▶ [Task to complete]
Of the lines listed below, return exactly those that run from the line containing "The channel design" through the line containing "Denaro inviato/consegnato Data", both included.

▶ [Available data]
○ ○ ○ ○
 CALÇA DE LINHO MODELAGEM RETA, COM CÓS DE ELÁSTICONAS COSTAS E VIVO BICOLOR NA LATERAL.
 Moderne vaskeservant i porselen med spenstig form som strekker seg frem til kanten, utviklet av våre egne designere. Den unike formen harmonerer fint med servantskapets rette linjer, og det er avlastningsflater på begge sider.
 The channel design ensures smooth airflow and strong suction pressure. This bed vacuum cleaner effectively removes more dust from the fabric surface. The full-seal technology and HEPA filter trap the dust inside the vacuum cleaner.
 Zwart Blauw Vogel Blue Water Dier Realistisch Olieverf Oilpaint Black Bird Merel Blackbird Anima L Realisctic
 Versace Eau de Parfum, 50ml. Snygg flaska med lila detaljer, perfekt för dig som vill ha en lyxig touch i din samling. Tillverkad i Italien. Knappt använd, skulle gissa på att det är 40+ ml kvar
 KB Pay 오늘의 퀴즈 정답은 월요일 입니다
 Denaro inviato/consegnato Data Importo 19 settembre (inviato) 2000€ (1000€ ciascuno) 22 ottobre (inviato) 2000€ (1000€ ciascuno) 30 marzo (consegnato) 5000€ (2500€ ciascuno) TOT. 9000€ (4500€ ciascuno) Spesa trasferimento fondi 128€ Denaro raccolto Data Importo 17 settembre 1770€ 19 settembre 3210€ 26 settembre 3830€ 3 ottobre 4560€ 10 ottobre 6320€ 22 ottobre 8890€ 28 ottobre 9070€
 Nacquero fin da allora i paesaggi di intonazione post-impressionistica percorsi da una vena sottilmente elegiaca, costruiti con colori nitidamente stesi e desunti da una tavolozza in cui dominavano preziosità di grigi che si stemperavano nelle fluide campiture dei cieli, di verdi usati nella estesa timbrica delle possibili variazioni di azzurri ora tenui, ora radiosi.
○ ○ ○ ○
▶ [Written solution]
 The channel design ensures smooth airflow and strong suction pressure. This bed vacuum cleaner effectively removes more dust from the fabric surface. The full-seal technology and HEPA filter trap the dust inside the vacuum cleaner.
 Zwart Blauw Vogel Blue Water Dier Realistisch Olieverf Oilpaint Black Bird Merel Blackbird Anima L Realisctic
 Versace Eau de Parfum, 50ml. Snygg flaska med lila detaljer, perfekt för dig som vill ha en lyxig touch i din samling. Tillverkad i Italien. Knappt använd, skulle gissa på att det är 40+ ml kvar
 KB Pay 오늘의 퀴즈 정답은 월요일 입니다
 Denaro inviato/consegnato Data Importo 19 settembre (inviato) 2000€ (1000€ ciascuno) 22 ottobre (inviato) 2000€ (1000€ ciascuno) 30 marzo (consegnato) 5000€ (2500€ ciascuno) TOT. 9000€ (4500€ ciascuno) Spesa trasferimento fondi 128€ Denaro raccolto Data Importo 17 settembre 1770€ 19 settembre 3210€ 26 settembre 3830€ 3 ottobre 4560€ 10 ottobre 6320€ 22 ottobre 8890€ 28 ottobre 9070€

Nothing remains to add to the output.